Unfortunately, this time for the return transition was beyond the no-habit change threshold. The pandemic was long enough to cultivate the habit of working/learning from home but also provided the missing factor of working closely with colleagues at the office. These blurred lines gave birth to hybrid work culture in an attempt to join the best of both worlds.


From the lens of organisational psychology, learning in the hybrid world should have three key traits:


Where the Future of Work is Hybrid, Learning is Social

The ability to learn in an environment where there are no trainers but colleagues, there is no exam but handholding, a learner, learns the best. Vygotsky, one of the greatest educational psychologists, called this the Zone of Proximal Development. This zone is the place where learners can learn better when they are in proximity of more knowledgeable others. Now when we pass the responsibility to the employee to learn and upskill themselves, they are naturally inclined towards asking colleagues and indulging in Social Learning.

As an organisation, investments towards exclusive social learning platforms can help the employees immerse themselves in learning from each other. In a Hybrid world, connected community learning holds the key. The swiftness and the ease of an employee to reach out to a colleague holds the key to success.

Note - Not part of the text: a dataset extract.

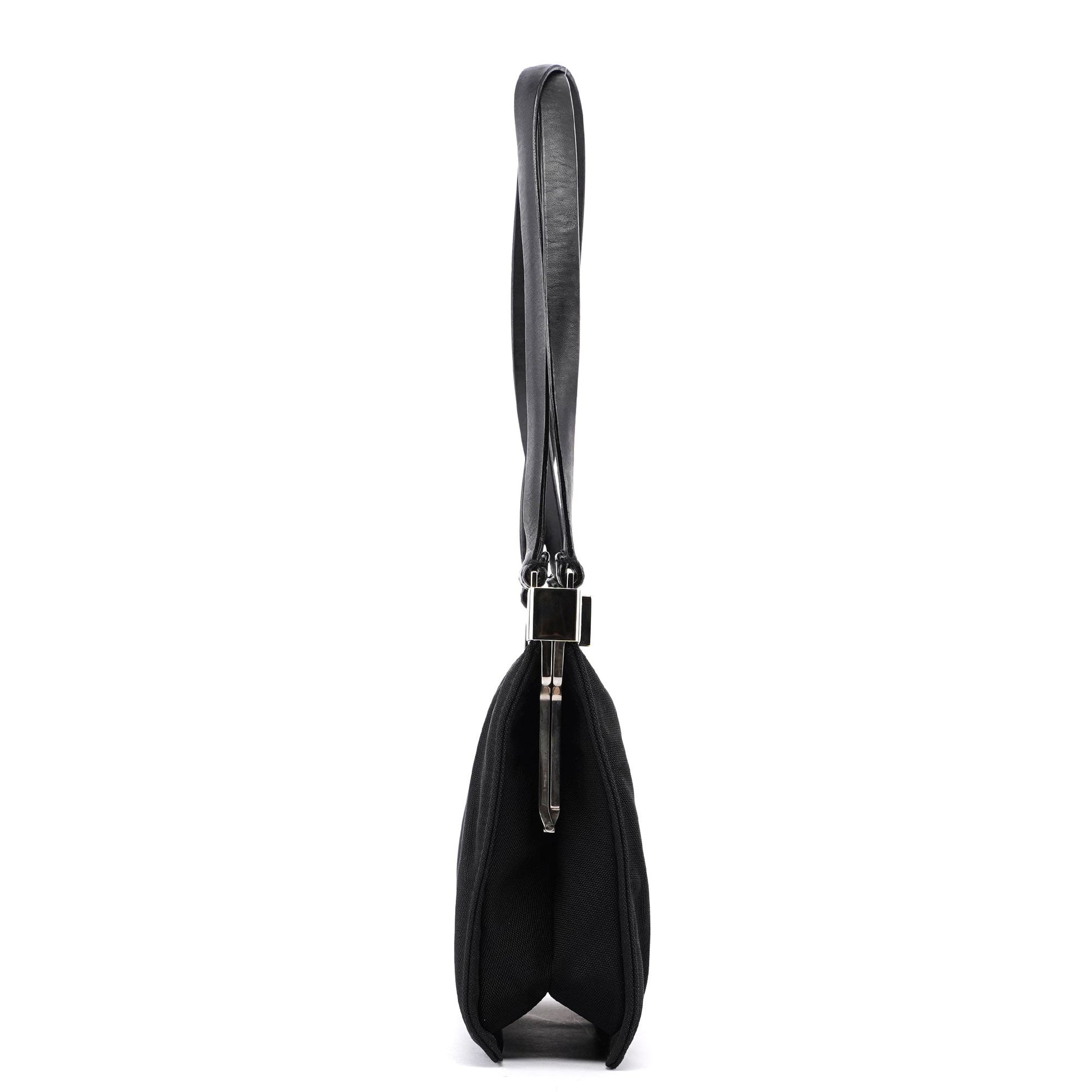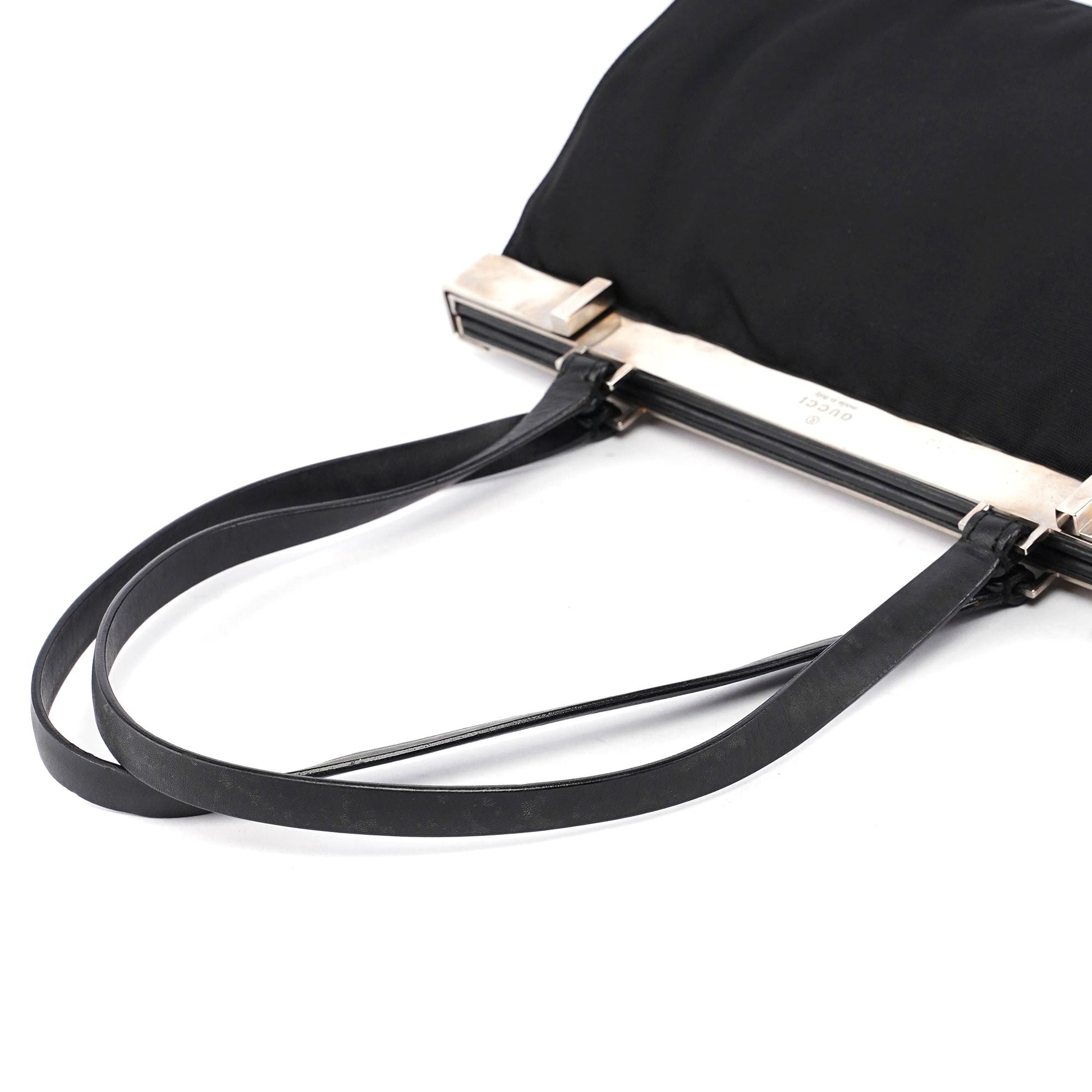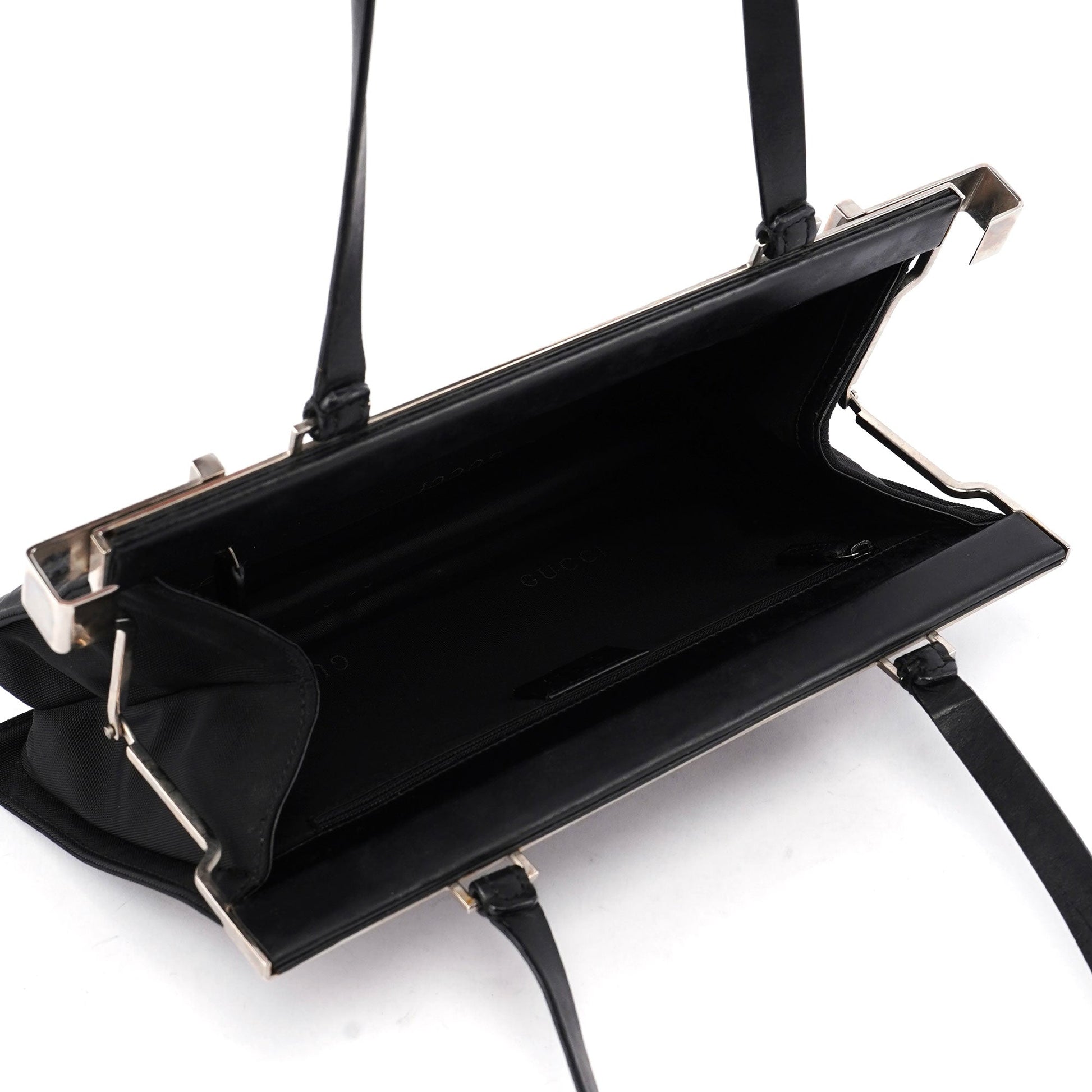 Explore the vintage Gucci tote bag, designed by Tom Ford in the late 1990s. This stylish piece features black cotton canvas with calfskin leather trim and handles, accented by a silver-tone clutch-style closure engraved with the Gucci logo. Its satin-lined interior includes two zipper pockets, merging classic design with functional elegance.

Catching Flying Knowledge, a.k.a Tacit Knowledge

Most learning programmes at the workplace focus on training the employees with job skills. But for most organisations, when they turn remote, one of the biggest challenges is when the Tacit Knowledge starts leaking through the cracks. The cracks widen up when the workplace becomes remote. The cracks recede when the workplace goes hybrid. This is the opportunity for corporations to invest in knowledge documentation and sharing practices which can help the flying knowledge of the organisation stay and get shared on demand. One of the best parts of when employees have been given access to the Tacit Knowledge is that they learn faster, and they don't feel like they are being taught, but rather feel empowered.


A Mentoring Network helps develop a learning mindset

With the workplaces now being hybrid, the bridges which need to be built between the knowledge of the employees don't require physical support but just a simple internet connection. Mentoring, which often some companies have looked at as a checkbox activity, has received a severe setback due to the workplace being remote. But now, as work transitions to hybrid, the opportunity presents itself in a more structured manner. It is imperative for the company to invest in tools and frameworks which can autonomously conduct the mentoring format of the employees. Employees (mentors and mentees) can take ownership and knowledge transfer, and learning happens at both touchpoints, remote and physical.

Employees' learning journeys should be designed in a way where the geography of the learning only contributes positively, and learning teams should invest in technologies that can help them deliver the proper knowledge from the right people at the right time.